Given information >>
Start of Block

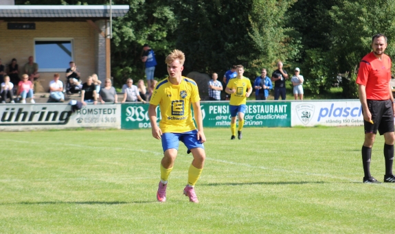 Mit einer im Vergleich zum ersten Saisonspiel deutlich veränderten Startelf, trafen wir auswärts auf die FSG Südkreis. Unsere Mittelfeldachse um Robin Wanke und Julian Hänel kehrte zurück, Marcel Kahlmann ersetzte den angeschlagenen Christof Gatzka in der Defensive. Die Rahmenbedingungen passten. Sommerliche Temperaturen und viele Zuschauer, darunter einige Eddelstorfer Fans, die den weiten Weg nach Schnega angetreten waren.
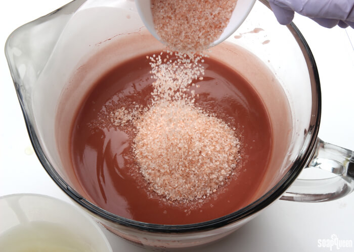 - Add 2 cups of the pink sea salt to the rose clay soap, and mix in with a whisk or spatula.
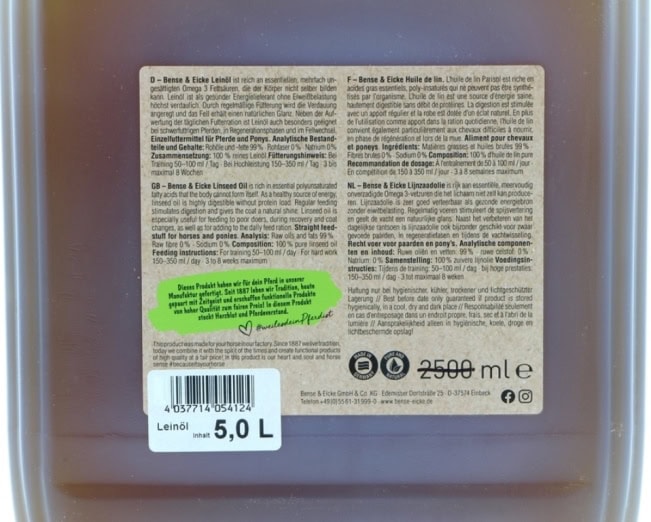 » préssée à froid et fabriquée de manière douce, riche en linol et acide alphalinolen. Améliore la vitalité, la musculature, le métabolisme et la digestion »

End of Block

What is being asked >>
The listing above needs to be output again exactly. Don't include the pictures.

Solved problem >>
 Mit einer im Vergleich zum ersten Saisonspiel deutlich veränderten Startelf, trafen wir auswärts auf die FSG Südkreis. Unsere Mittelfeldachse um Robin Wanke und Julian Hänel kehrte zurück, Marcel Kahlmann ersetzte den angeschlagenen Christof Gatzka in der Defensive. Die Rahmenbedingungen passten. Sommerliche Temperaturen und viele Zuschauer, darunter einige Eddelstorfer Fans, die den weiten Weg nach Schnega angetreten waren.
 - Add 2 cups of the pink sea salt to the rose clay soap, and mix in with a whisk or spatula.
 » préssée à froid et fabriquée de manière douce, riche en linol et acide alphalinolen. Améliore la vitalité, la musculature, le métabolisme et la digestion »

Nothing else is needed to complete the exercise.